▶ **Collected material**:
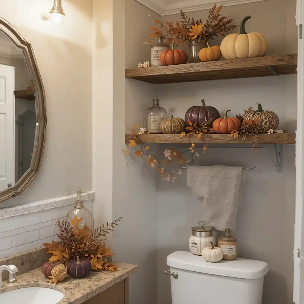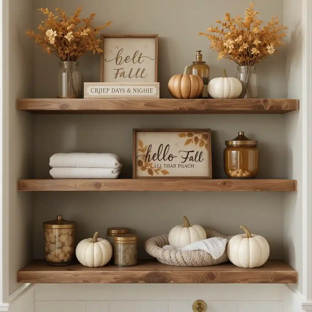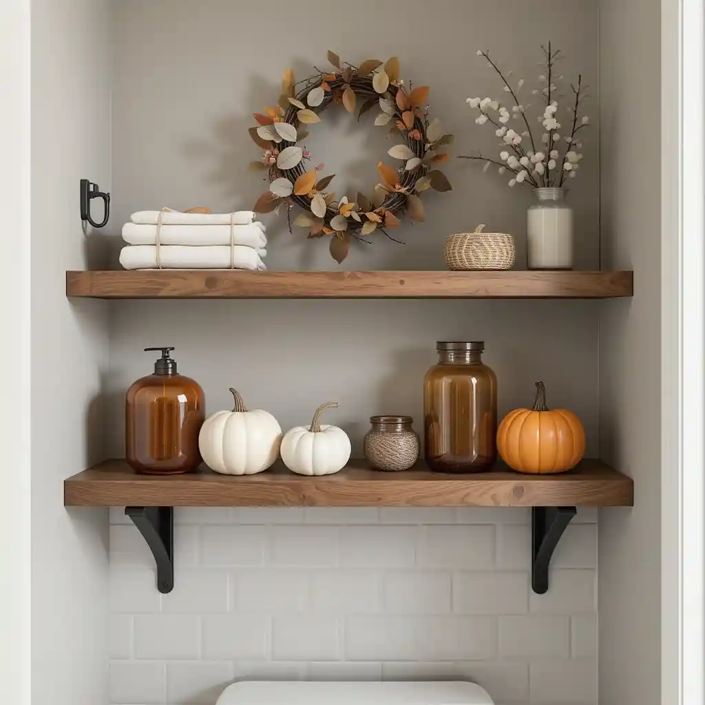 Frame or lean small fall prints featuring pumpkins, forests, or quotes in muted tones to make the shelves feel curated and cozy. Fall Bathroom Shelf Decor
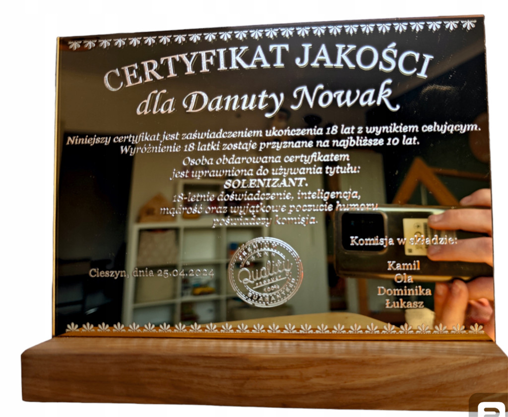 Certyfikat na urodziny personalizowane z dedykacją -  plexi złote lustro!
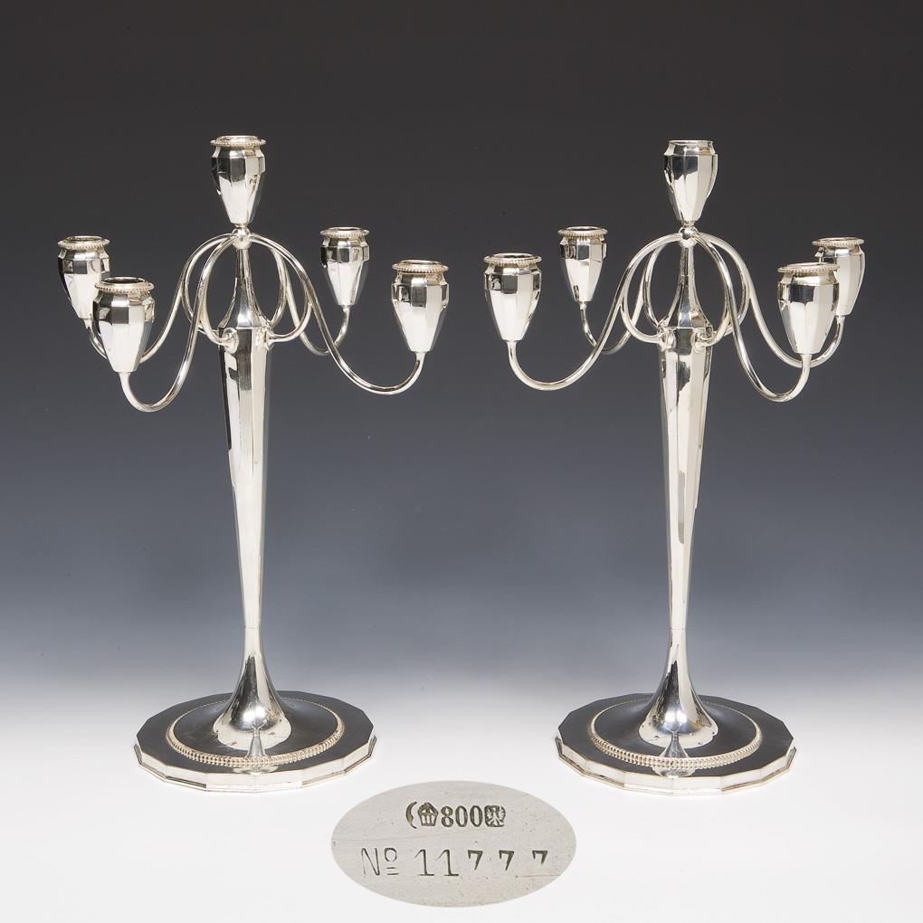 Schlanke 5-flammige Standleuchter mit vier geschwungenen Leuchterarmen und zeitlosem Facetten- und Perlleistendekor. Punzen: Halbmond und Krone, Feingehalt, Fabrikmarke. Ein Tülleneinsatz fehlt.
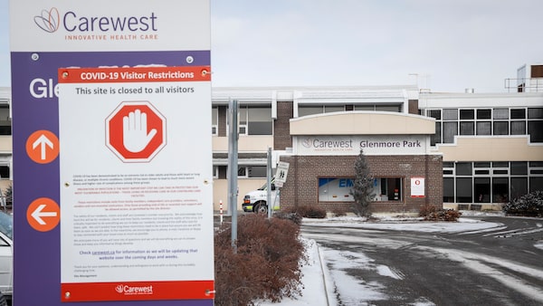 The Carewest Glenmore Park senior's home in Calgary, Alta., is seen on April 1, 2020, amid a worldwide COVID-19 pandemic. A staff member from Carewest Glenmore Park has tested positive for COVID-19.Jeff McIntosh/The Canadian Press

▶ **Task statement**:
An exact transcription of the data above is needed, without the pictures.

▶ **Reply to the exercise**:
 Frame or lean small fall prints featuring pumpkins, forests, or quotes in muted tones to make the shelves feel curated and cozy. Fall Bathroom Shelf Decor
 Certyfikat na urodziny personalizowane z dedykacją -  plexi złote lustro!
 Schlanke 5-flammige Standleuchter mit vier geschwungenen Leuchterarmen und zeitlosem Facetten- und Perlleistendekor. Punzen: Halbmond und Krone, Feingehalt, Fabrikmarke. Ein Tülleneinsatz fehlt.
 The Carewest Glenmore Park senior's home in Calgary, Alta., is seen on April 1, 2020, amid a worldwide COVID-19 pandemic. A staff member from Carewest Glenmore Park has tested positive for COVID-19.Jeff McIntosh/The Canadian Press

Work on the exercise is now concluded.